At the entrance to the Arco, I saw these: (WARNING: VERY GRAPHIC)
Yes, they’re blurry, but I had to take the photos, if only to remind myself that this was not an illusion. This is a reality for these women.
That the community is coming together to help each other. To warn these women what cars to watch for, what markings on men to notice to help catch them. Or to at the very least avoid being sexually abused by them.
Then this next to it.
and this, as another reminder, in case you didn’t see it in the entrance:
And finally, at the front desk of the ARCO hotel, just in case a resident thought they had a valid excuse for entering the building:
The rooms were tiny, but they were rooms.
The rooms were infested with bed bugs, but they were rooms.
The rooms were nowhere anyone reading this blog would ever spend even one night.
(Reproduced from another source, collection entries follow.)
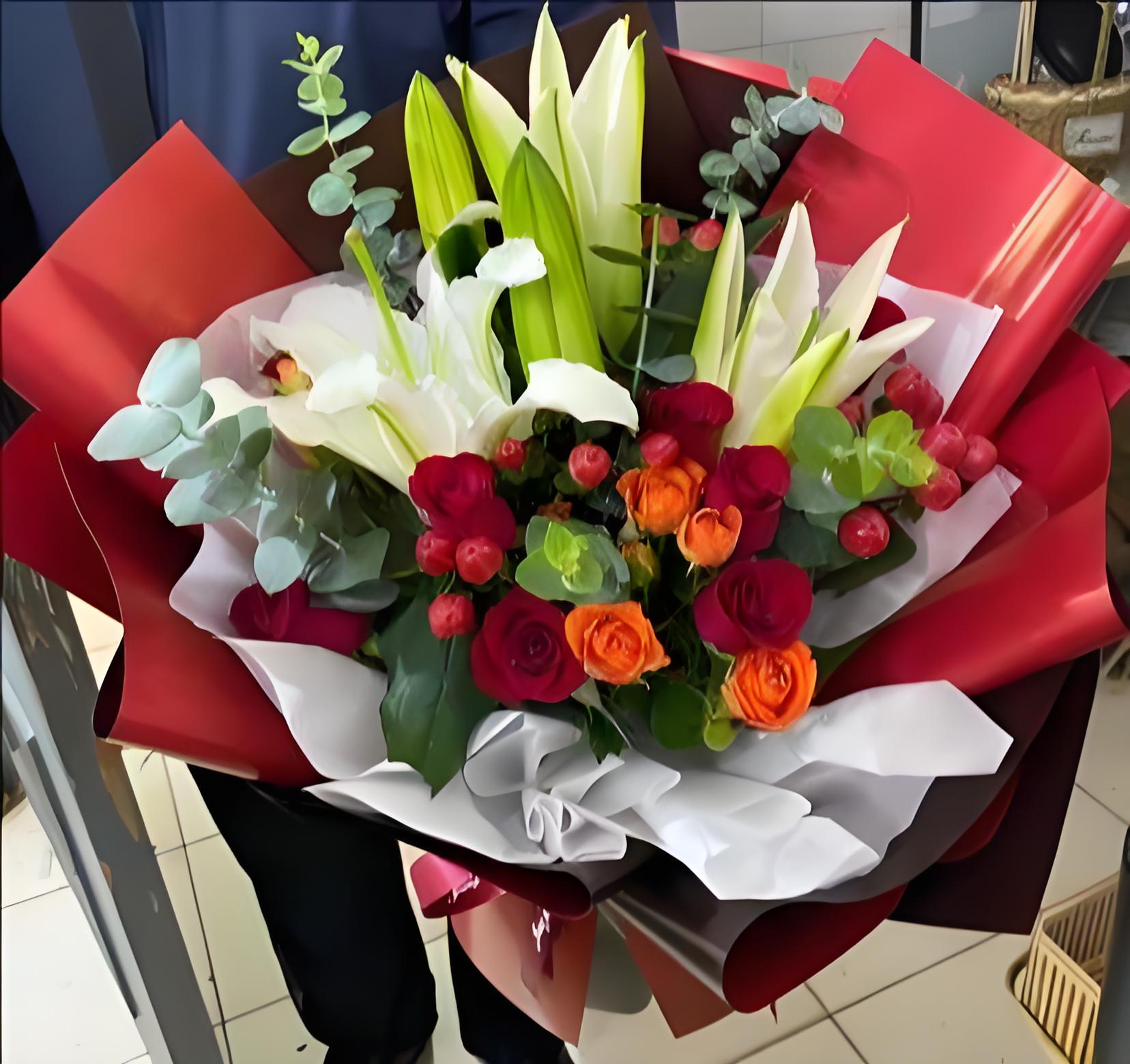 东莞企石镇花店包11枝红玫瑰、2枝多头白百合、6枝橙色多头玫瑰、红豆、尤加利叶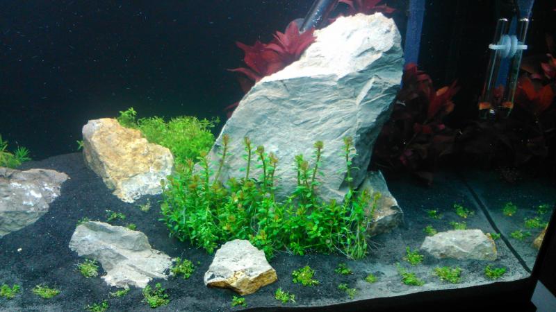 Θα με απασχολουσε καπως η θεση του κοκκινου φυτου, αφου συνηθως τα κοκκινα φυτα, ειναι δυσκολα φυτα και θελουν πολυ φως. Εκει τους το κρυβει αρκετα η πετρα. Συν οτι μπαινουν σε "στατηγικες" θεσεις για να σπανε την πρασινιλα των αλλων.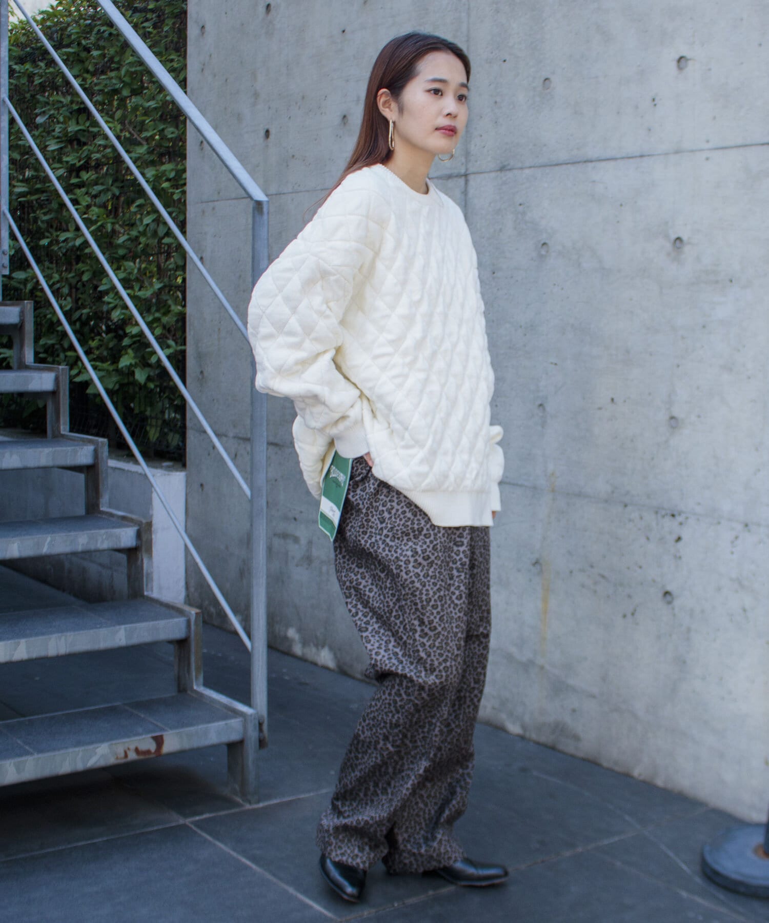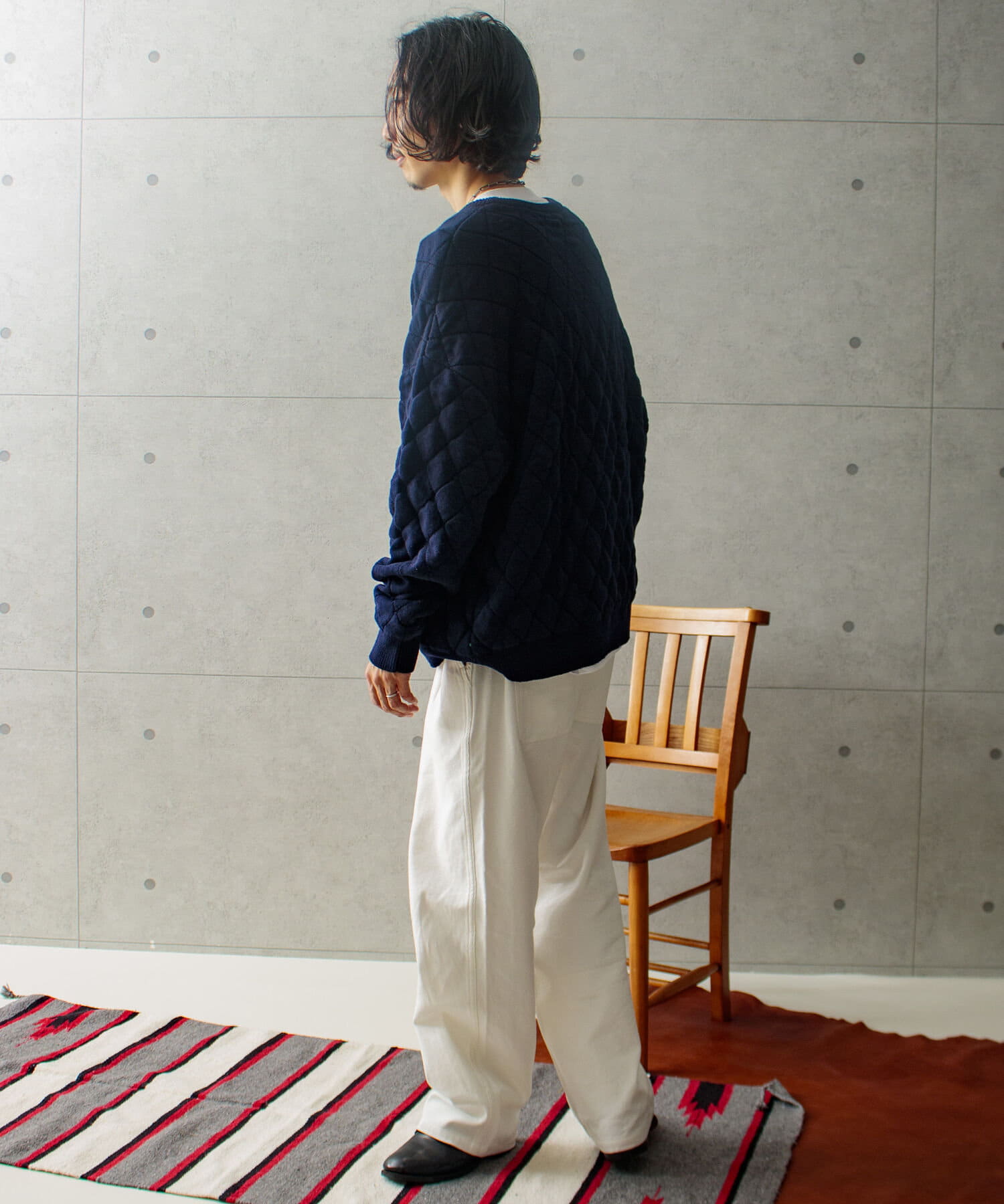 ワイドパンツやスラックスなどと合わせて、全体的にゆるく着こなすスタイリングがおすすめです。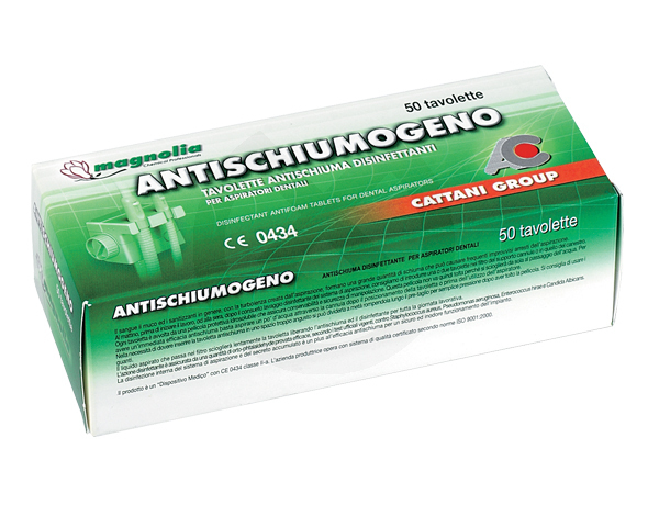 Pastillas antiespumógenas con desinfectante de amplio espectro (Bronopol), para conseguir la desinfección continua desde el filtro de los tubos de aspiración hasta el desagüe. La silicona que incorporan las pastillas evita la formación de espuma y las consiguientes averías de los vasos separadores y sistema de aspiración en general. En base a Bronopol.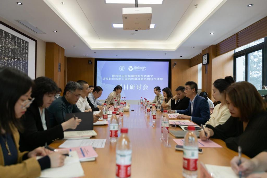 4月14日下午,北京语言大学新闻传播学院与章鱼时代科技发展有限公司“面对特定区域国别的在线中文读写教育创新与国际传播战略协调”合作课题启动与首次研讨会在图书馆明德讲堂召开。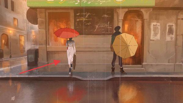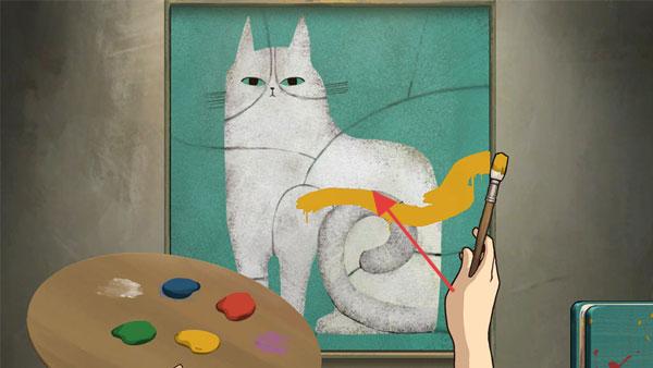 2、在绘画场景,跟随箭头指引,用画笔为猫咪画作填充颜色(黄色区域),修复画作,推进故事发展。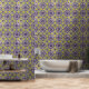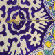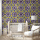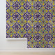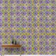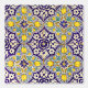 Influencé à la main peint traditionnel carreaux bleu et jaune d'Espagne, Portugal et Italie. Motif de perfection. OEuvre d'azulejo en tuiles de fleurs bleues et jaunes. Le design décoratif parfait, cadeau idéal pour toute occasion. Un beau design estival représentant des fleurs jaunes avec leur verdure et fleurit contre un motif vintage bleu et blanc.

They had no elevators, with zero access for anyone with physical disabilities,
But they were rooms.
And this, according to our escorts, “was one of the nicer SRO’s.”
Our group finally made it to our final SRO, a recently renovated one that, based on what we had seen, made these rooms feel like the Four Seasons.
It is for women only, with 12 rooms dedicated to women with visitation rights to their children.
After visiting their harm reduction room,
and food bank kitchen, we toured the kitchen, laundry area, and the beautiful rooms with luxuries these women have possibly never imagined… an elevator, a fully functional kitchen, a coffee maker, and very importantly, an object that you and I quite possibly take very much for granted: a mirror in the bathroom.
They grew their own food in their community garden, and even choose what to grow:
They have cooking classes, and they self-injected with zero judgement, with treatment options available when and if they ever decided it was “time,” with a 16 step, non-religious based program (12 step offered as well) ready for them.
As the elevator doors opened for us to head down to the lobby of the building, a woman stood alone in the elevator.
She was hauntingly thin, had scabs along both arms and all over her cheeks (the bleeding ones covered with bandaids), track marks on her veins, sunken eyes, and thinning straight strawberry blonde hair.
“May we ride down the elevator with you?” asked the operations director of the hotel giving us the tour.
“uhhh, yea.” She said, hesitantly.
So 8 of us, in our NIKE gear, Christian Louboutain boots, Louis Vuitton bags, and Burberry jackets piled into this elevator with this woman, and rode down with a meth addict.
Yet I left full of hope.
Because I knew this woman would be safe, for the moment, from contracting or spreading needle infected diseases, would have food to keep her from going hungry, had a mattress that had been treated in bed bug ovens, and lived in a place where her dignity came first.
So maybe her next choice will be to try to clean herself up. Or maybe not. But the point is, she’s got a choice.
I don’t know what my “actions” will be after visiting the DTES.
But perhaps, just by writing this story, I already have taken the first one.
The learning for me was this… we need to UNDERSTAND those things that we question. Or even those things we never knew existed.
We are all we have, people. Let’s be careful of what we judge when we are not educated about the topic before we do so.
And in the words of Dietrich Bonhoeffer,
“We must comfort the troubled, and trouble the comfortable.”